𝗜 𝗦𝗽𝗲𝗻𝘁 $𝟱𝟬𝟬 𝗼𝗻 𝗥𝗔𝗚 𝗜𝗻𝗳𝗿𝗮𝘀𝘁𝗿𝘂𝗰𝘁𝘂𝗿𝗲 𝗕𝗲𝗳𝗼𝗿𝗲 𝗠𝗮𝗸𝗶𝗻𝗴 𝟳 𝗠𝗶𝘀𝘁𝗮𝗸𝗲𝘀
I built a RAG pipeline for private document search. It cost me $500 in compute and weeks of debugging. The results were bad. Users got irrelevant answers and queries were slow.
I audited the pipeline and found 7 common mistakes. Fixing them changed everything.
- Fixed Token Chunking I split documents by fixed token counts. This destroyed context. A sentence would split in half. The LLM received fragmented data and gave poor answers.
- The fix: Use semantic chunking with parent-document retrieval.
- Split by natural boundaries like paragraphs or headers.
- Create small child chunks for search.
- Return the full parent document to the LLM when a match occurs.
- Add 10-20% overlap between chunks.
- Default Search Weights I used a 50/50 split for vector and keyword search.

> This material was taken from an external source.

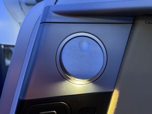 In der Armlehne zur Sitzmitte befindet sich eine Steckdose, die für sehr viele Stecker passend ist. Damit können auch größere Geräte während des Flugs betrieben bzw. aufgeladen werden. Ein USB-Anschluss befindet sich direkt darüber.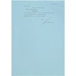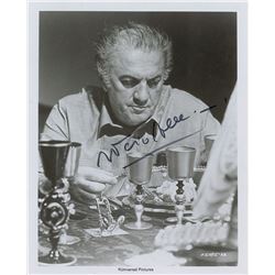 Glossy 8 x 10 seated photo of Kazan in a state of concentration, signed in black felt tip. Reverse bears an affixed photo caption for the 1969 film Th

For technical docs, exact keywords matter more.
- The fix: Use dynamic weights.
- Factual queries: 35% vector, 65% keyword.
- Semantic queries: 75% vector, 25% keyword.
- Over-optimizing HNSW Parameters I set ef_construction to the maximum value. On a large index, this crashed my server and used all my RAM.
- The fix: Use appropriate HNSW settings.
- Keep M between 8 and 32.
- Set ef_construction to 200.
- Set ef_search to 50.
- Wrong Embedding Models I used a general model trained on web text. It did not understand my technical engineering docs.
- The fix: Switch to a model fine-tuned for technical or code content.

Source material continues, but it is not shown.